What to do: The listing below holds a line with "This spacious suite" and a line with "A6 Flyers ❤". Reproduce those two lines exactly, plus everything between them.

Exercise input:
# # #
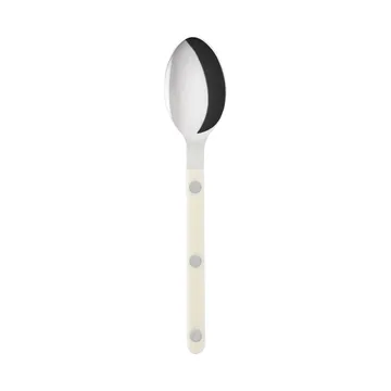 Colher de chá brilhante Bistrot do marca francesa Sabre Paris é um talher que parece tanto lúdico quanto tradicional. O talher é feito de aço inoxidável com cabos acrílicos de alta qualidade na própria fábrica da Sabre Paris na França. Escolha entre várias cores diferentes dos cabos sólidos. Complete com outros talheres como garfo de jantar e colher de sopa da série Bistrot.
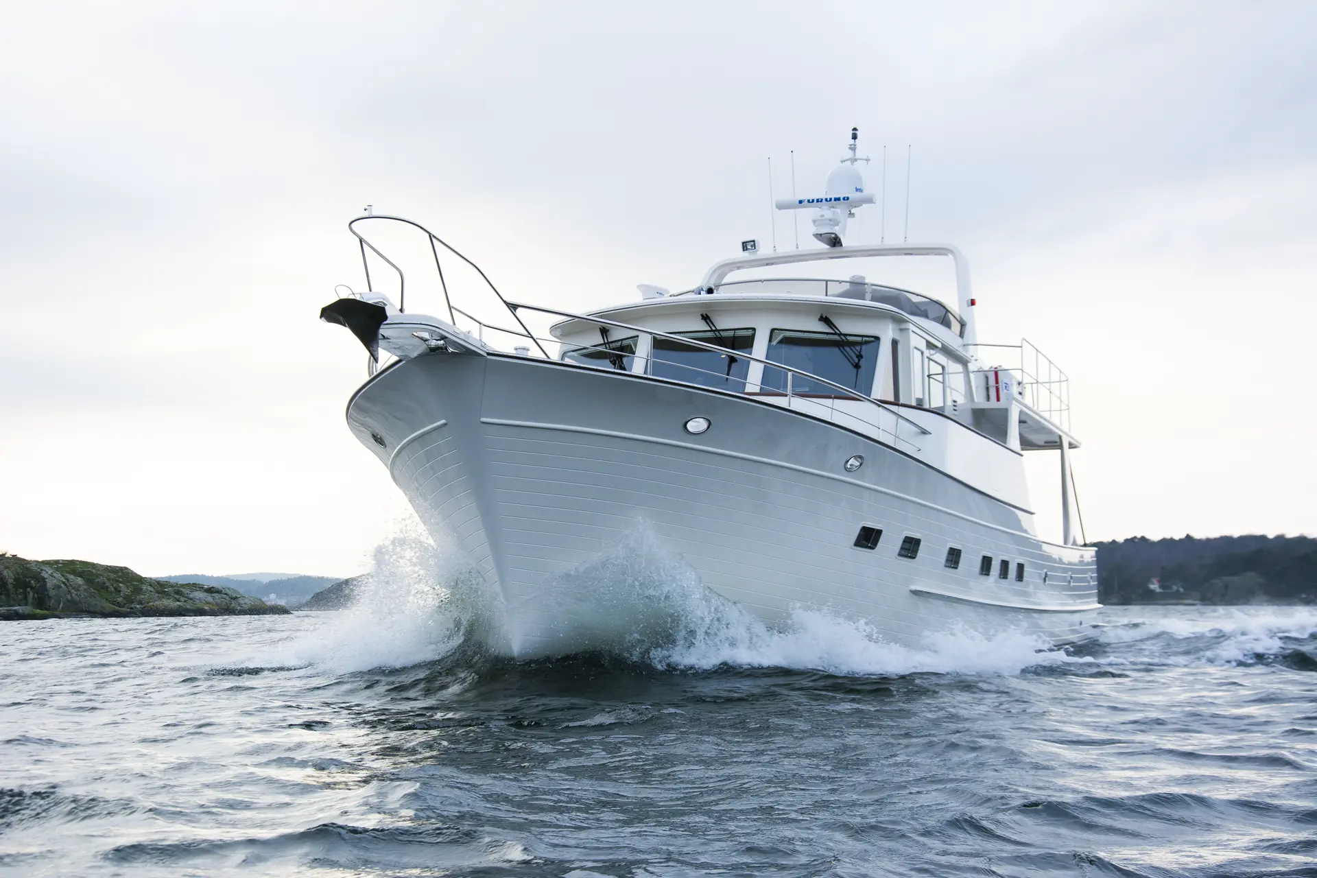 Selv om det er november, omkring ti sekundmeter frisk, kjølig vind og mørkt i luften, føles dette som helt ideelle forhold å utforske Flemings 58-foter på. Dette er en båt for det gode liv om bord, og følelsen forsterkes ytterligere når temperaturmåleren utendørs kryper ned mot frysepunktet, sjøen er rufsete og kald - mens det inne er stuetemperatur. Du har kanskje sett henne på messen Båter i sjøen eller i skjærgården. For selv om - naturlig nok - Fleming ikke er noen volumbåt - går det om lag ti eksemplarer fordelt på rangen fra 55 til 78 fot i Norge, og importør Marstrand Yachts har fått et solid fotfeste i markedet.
# # #
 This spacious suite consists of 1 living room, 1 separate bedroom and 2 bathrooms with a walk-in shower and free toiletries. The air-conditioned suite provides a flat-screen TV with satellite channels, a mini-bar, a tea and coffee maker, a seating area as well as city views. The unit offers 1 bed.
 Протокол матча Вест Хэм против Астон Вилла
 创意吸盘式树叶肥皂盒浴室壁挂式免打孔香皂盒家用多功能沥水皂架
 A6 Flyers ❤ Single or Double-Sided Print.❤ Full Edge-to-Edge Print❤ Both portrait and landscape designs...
# # #
Expected answer:
 This spacious suite consists of 1 living room, 1 separate bedroom and 2 bathrooms with a walk-in shower and free toiletries. The air-conditioned suite provides a flat-screen TV with satellite channels, a mini-bar, a tea and coffee maker, a seating area as well as city views. The unit offers 1 bed.
 Протокол матча Вест Хэм против Астон Вилла
 创意吸盘式树叶肥皂盒浴室壁挂式免打孔香皂盒家用多功能沥水皂架
 A6 Flyers ❤ Single or Double-Sided Print.❤ Full Edge-to-Edge Print❤ Both portrait and landscape designs...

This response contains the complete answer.